The US Department of Justice (USDOJ) announced a historic nationwide enforcement action against healthcare fraud. This unprecedented initiative involves 345 charged defendants in 51 federal districts, including more than 100 doctors, nurses, and other licensed medical professionals.
The defendants are accused of submitting more than US$6 billion in false and fraudulent claims to federal health care programs and private insurers in the US – including more than US$4.5 billion connected to telemedicine, more than US$845 million related to addiction recovery facilities, and more than US$806 million related to other healthcare fraud and illegal opioid distribution schemes across the country.
The enforcement actions were coordinated by the Criminal Division, Fraud Section’s Healthcare Fraud Unit, in conjunction with its Health Care Fraud and Regional Appalachian Prescription Opioid Program (ARPO) to Combat Health Fraud and Opioid Prescription (ARPO) Strike Force and its core partners: 43 Offices of the US Attorney General, HHS-OIG, FBI, and DEA.

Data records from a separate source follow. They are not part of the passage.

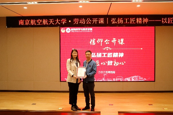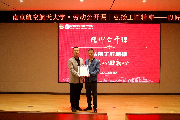 左治建作为长期坚守工作一线的技术工作者,心怀航空报国的深厚情怀,始终心系南航发展和学生成长成才。报告会上,庄晓舒和董航分别为左治建颁发“团学导师”“企业导师”聘书并举行聘任仪式。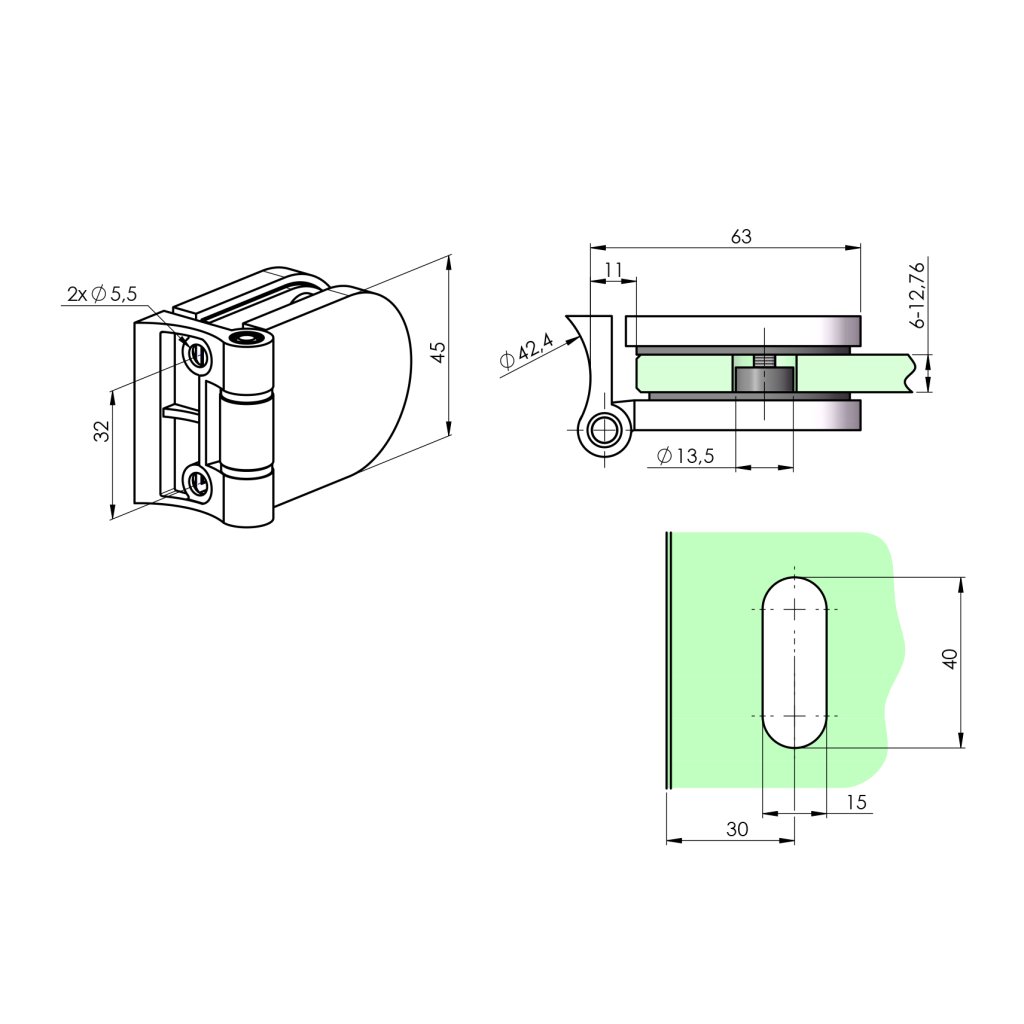 Nerezovy zaves - držiak skla pre sklo T= 6 až 12,76mm, kotvenie na ruru D 42,4mm. Materiál AISI 316 brus K320.Dodatočné parametre
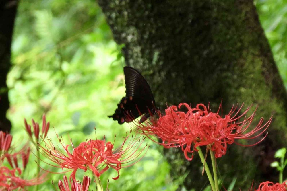 彼岸花とミヤマカラスアゲハ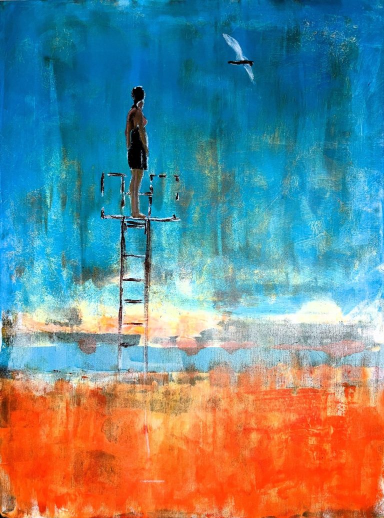 Mit einer ausladenden Leiter, die weit in den Himmel ragt, symbolisiert „Hoch hinaus“ von Tessa Becker den kühnen Aufstieg über Grenzen hinweg. Die dunkle Silhouette einer Figur auf der Plattform, der Flug eines Vogels im Himmel und die warmen Orangetöne im unteren Bereich erzeugen ein starkes Gefühl von Freiheit, Grenzüberschreitung und innerem Wachstum.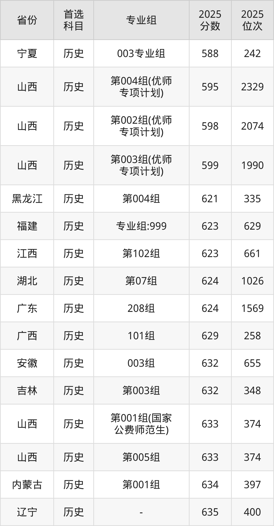 历史类:101组(国家免费师范生)618分、1564名,103组(国家免费师范生)615分、1787名,201组621分、1334名;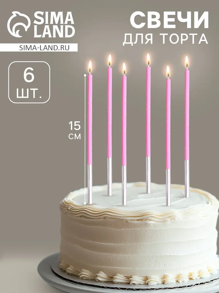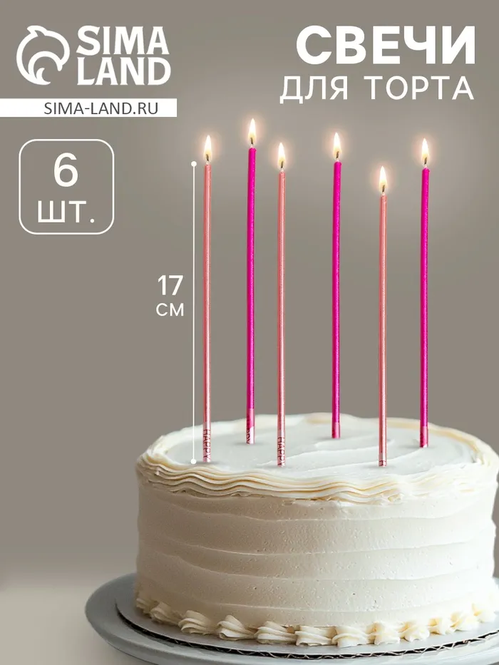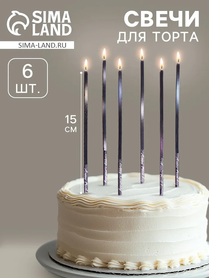 Свечи для торта, 6 штук «Сияние», чёрный, 17 см — Характеристики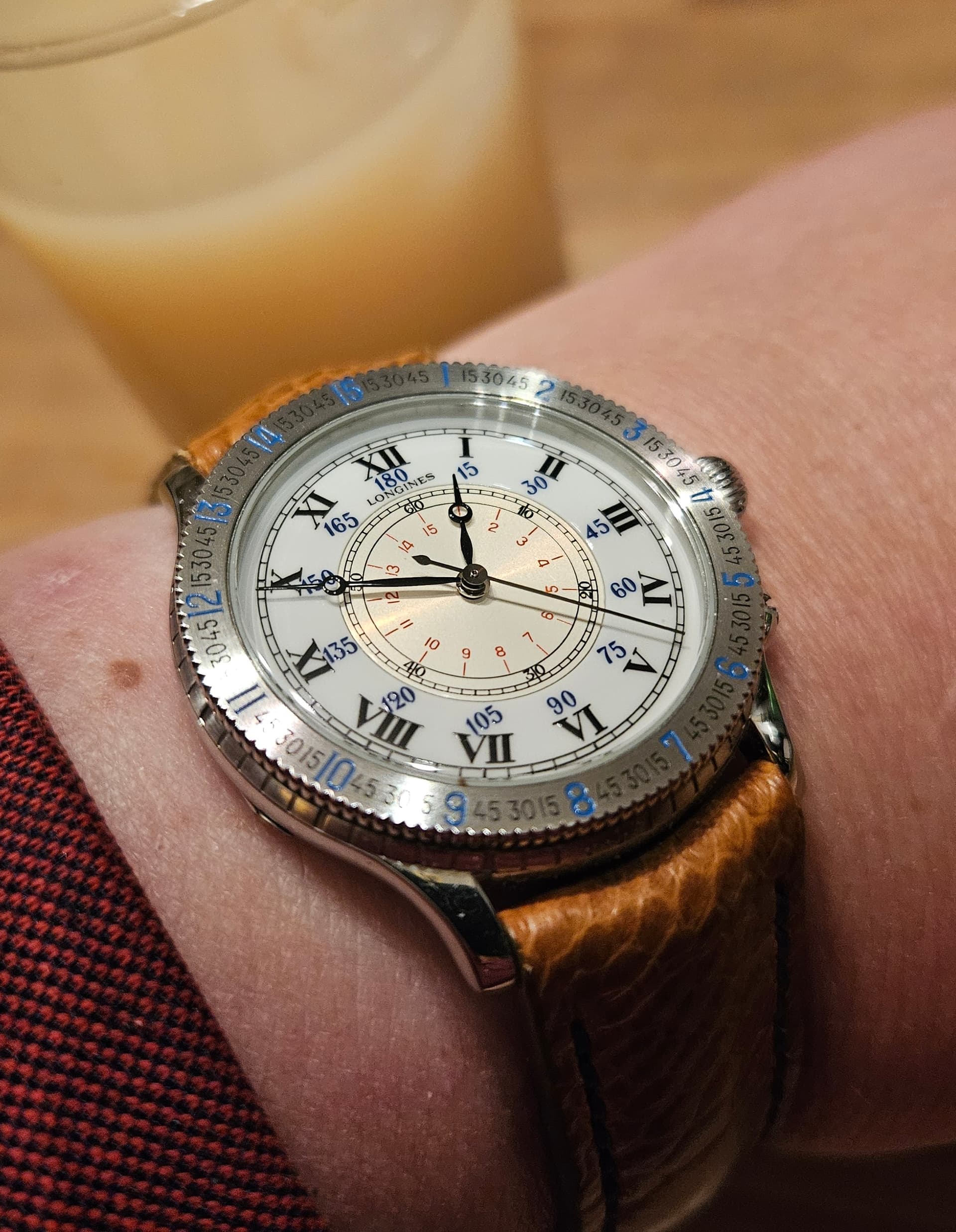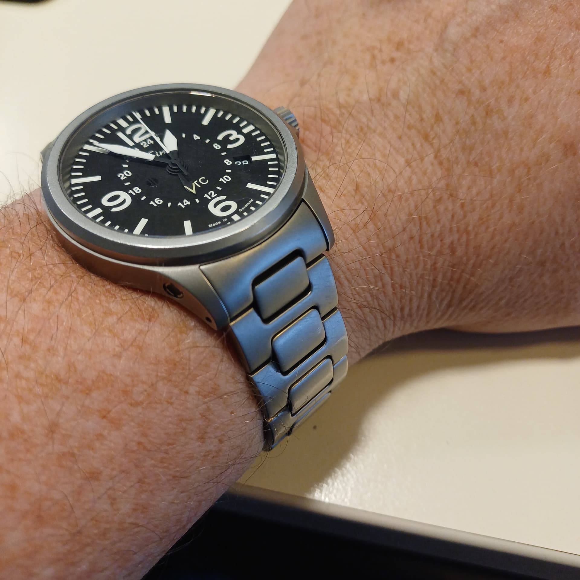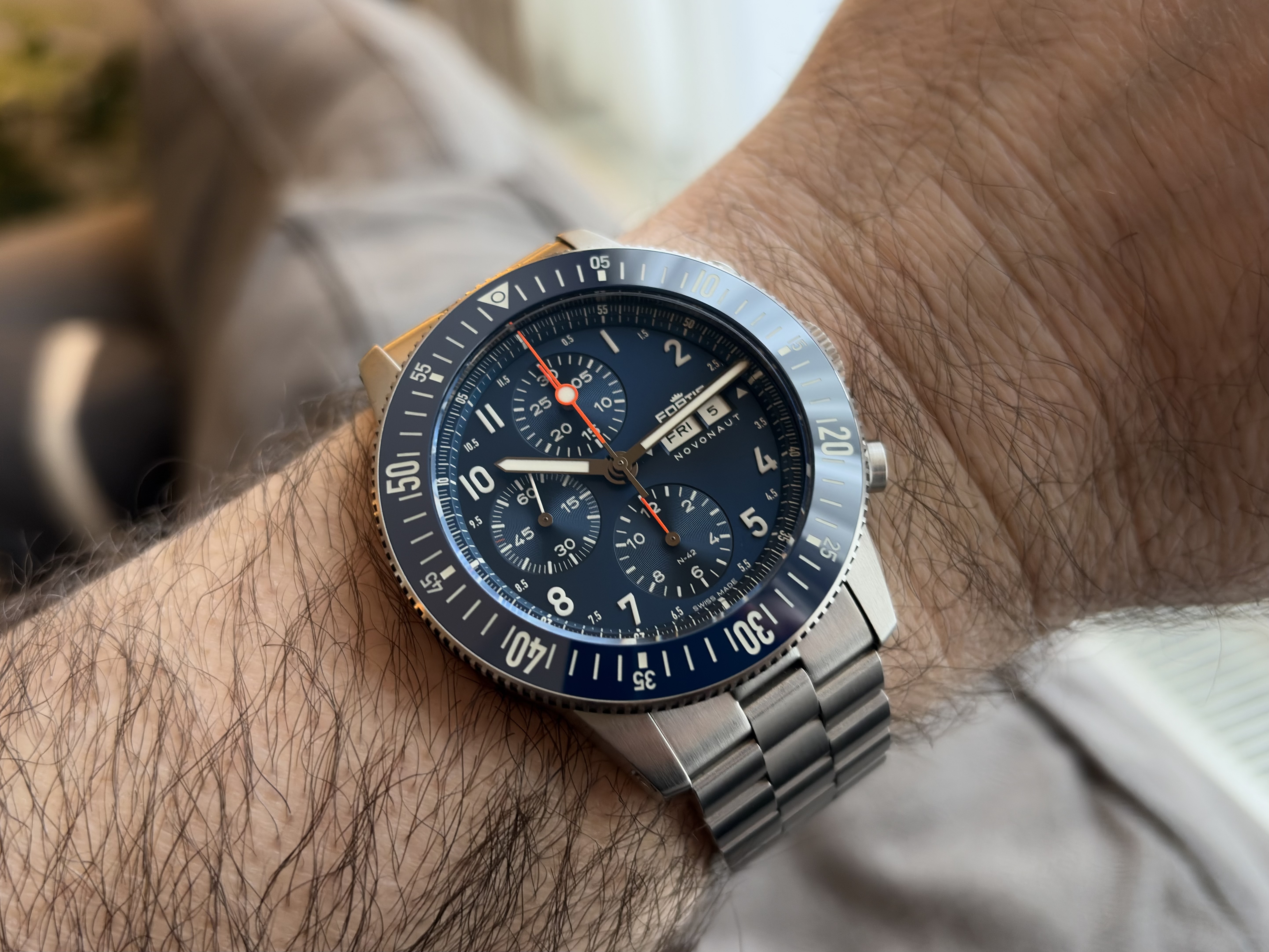 Vind ik juist heel handig aan de linkerpols. De kroon zit nooit irritant tegen je hand en met mijn duim start ik (de enkele keer dat ik die gebruik) de chronograaf-functie; die knop zit nu linksonder.

The irregularities identified in this historic enforcement fall into three broad categories:
- Telemedicine fraud.
- Fraud that is associated with substance abuse facilities.
- Cases involving the illegal prescription and/or distribution of opioids and cases involving traditional healthcare fraud schemes.
1. CASES OF TELEMEDICINE FRAUD
The largest amount of alleged fraud loss – US$ 4.5 billion in allegedly false and fraudulent claims made by 86 defendants in 19 judicial districts – are related to schemes involving telemedicine: the use of telecommunications technology to provide healthcare services remotely.
According to court filings, certain defendant telemedicine executives allegedly paid doctors and nurses to order unnecessary durable medical equipment, genetic and other diagnostic tests, and pain medications, either without any patient interaction or with only a brief phone conversation with patients who they had never met or had seen. Durable medical equipment companies, genetic testing laboratories, and pharmacies then purchased these orders in exchange for illegal bribes or kickbacks and submitted false and fraudulent claims to Medicare and other government insurers.
2. CASES OF FRAUD IN SUBSTANCE ABUSE FACILITIES
Fraud cases associated with addiction recovery facilities include charges against more than a dozen criminal defendants in connection with more than US$845 million false and fraudulent requests for tests and treatments for vulnerable patients seeking treatment for drug and/or alcohol addiction. , burdening federal health programs and private insurance companies.
Defendants include doctors, owners, and operators of substance abuse treatment facilities, as well as patient recruiters (referred to in the industry as “body brokers”). These individuals are alleged to have participated in schemes involving the payment of illegal kickbacks and bribes to refer dozens of patients to substance abuse facilities.
Those patients were subjected to medically unnecessary drug tests - often billing thousands of dollars for a single test - and therapy sessions that were often not provided. These practices resulted in millions of dollars in false and fraudulent claims submitted to private insurers.
Medical professionals also allegedly prescribed clinically unnecessary controlled substances and other medications for these patients, sometimes to induce them to remain at these facilities.
Patients were often discharged and admitted to other treatment facilities or referred to other laboratories and clinics in exchange for more kickbacks.
3. CASES INVOLVING THE ILLEGAL PRESCRIPTION AND/OR DISTRIBUTION OF OPIOIDS AND CASES INVOLVING TRADITIONAL HEALTHCARE FRAUD SCHEMES
These cases involving the illegal prescription and/or distribution of opioids or that fall into more traditional categories of healthcare fraud include charges and guilty pleas involving more than 240 defendants who allegedly participated in schemes to submit more than US$800 million in false and fraudulent claims to Medicare, Medicaid, TRICARE (all US federal healthcare programs), and private insurance companies for treatments that were medically unnecessary and often never provided.
According to court documents, in many cases, patient recruiters, beneficiaries and other co-conspirators were allegedly paid cash bribes in return for supplying beneficiary information to providers, so that the providers could then submit fraudulent bills to Medicare. Also included are charges against medical professionals and others involved in the distribution of more than 30 million doses of opioids and other prescription narcotics.